As mentioned above, the conversion method can be changed over any period of time as needed. can. The specific period during which the conversion method should be changed depends on the individual design of the memory system. and reliability requirements. However, for questions where memorized data is still required, When you change the conversion method, any data stored under the previous conversion method will be transferred to the CPU15. Please understand that it is not accessible by. Therefore, at that time, the CPU The input address specified by 15 no longer corresponds to the same output address and all This means that the input address will be translated differently to the output address, and the memo will be The corresponding physical locations within the library will also be different. Cache is simply used for temporary storage. uses a memory system such as memory, but does not block programs or data. Other memory systems that require permanent memory storage may require a different conversion method. That becomes a problem. Such permanently stored programs require certain conversion methods and must be preserved when changing from one conversion method and period to another. Ta For example, an operating system that resides on a hard disk drive. The program requires such preservation.
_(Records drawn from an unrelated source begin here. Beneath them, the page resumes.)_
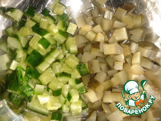 Огурцы (маринованные и свежий) нарезать кубиками.
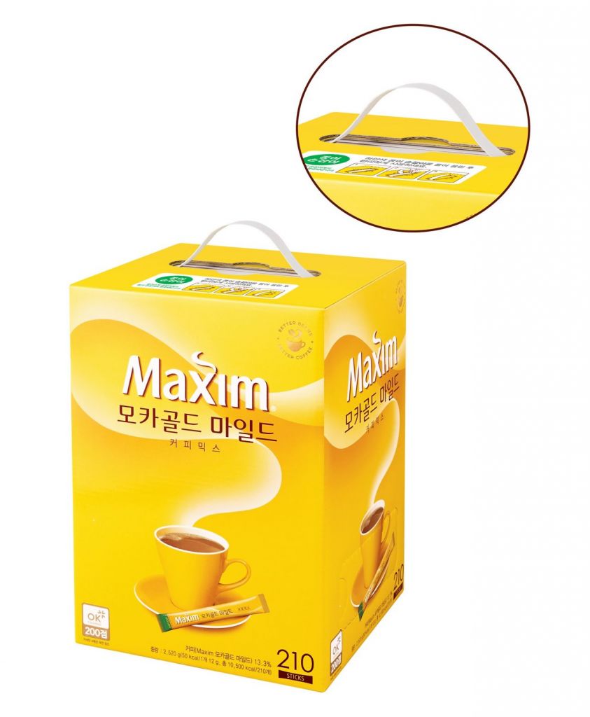 이번에 종이 손잡이가 적용되는 품목은 맥심 모카골드 커피믹스 중 210개입, 220개입, 400개입 3가지 규격이다. 이후 순차적으로 금년 말까지 커피믹스 다른 대규격 제품까지 종이 손잡이를 확대 적용할 계획이다.
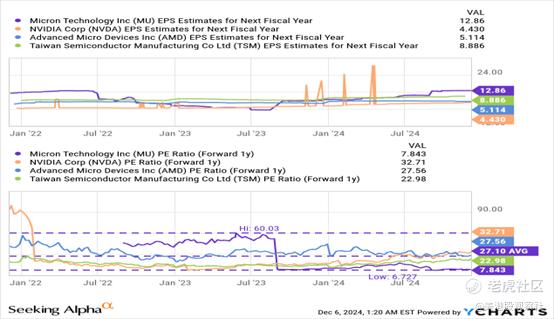 美光的最大风险与公司在HBM3E出货量增长上失望有关,这对于半导体公司的股价重新估值至关重要。此外,对内存产品的支出经常被证明是波动的,导致美光的收益(预期)大幅波动,这使得每股收益预测更具挑战性。
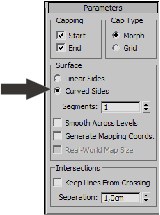 8. Форму получившейся модели можно сгладить. Для этого обратимся к парамет-рам первого свитка — Parameters (Параметры). Здесь, в группе Surface (По-верхность), необходимо переключить режим сглаживания на Curved Sides (Сто-роны кривыми) — рис. 3.60. Это позволит описывать формы сторон при помощи кривых линий.
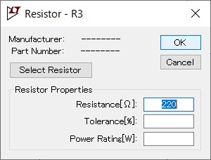 これはR3の定数を入力する画面です。一番上のResistance(抵抗値)の部分だけに値を入力すれば良く、下の2つは空のままでもOKです。コンデンサなども同様で、容量の部分だけ入力すればOKです。
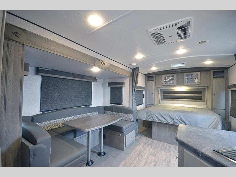 Sleeps 4 Slides 1 Length 22 ft 11 in Ext Width 8 ft Ext Height 11 ft 6 in Interior Color Desert Palms, Solitaire Azul Hitch Weight 556 lbs GVWR 7400 lbs Dry Weight 5662 lbs Cargo Capacity 1738 lbs Fresh Water Capacity 50 gals Grey Water Capacity 42 gals Black Water Capacity 35 gals Tire Size ST235/80R16 Furnace BTU 25000 btu Available Beds Murphy Refrigerator Type 12V Refrigerator Size 10 cu ft Cooktop Burners 3 Number of Awnings 1 Axle Weight 5106 lbs LP Tank Capacity 60 lbs Water Heater Capacity 10 gal Water Heater Type DSI Gas/Electric Quick Recovery AC BTU 13500 btu Awning Info 14' 6" 12V LED w/Adjustable Pitch Axle Count 2 Shower Type Tub/Shower Combo Solar Wattage 400 watts Similar Floorplans

Referring now to Figures 58 through 5C, such permanently stored programs Temporary buffer 70 is used in memory systems that have programs or data. to retranslate the program to a location in memory using the new conversion method to be implemented. can do. For example, a new conversion scheme and period may be found in memory location 75. If you need to transfer data to memory location 90 and vice versa copies some of the data in location 90 to buffer 70, as shown in FIG. 5A. or transfer.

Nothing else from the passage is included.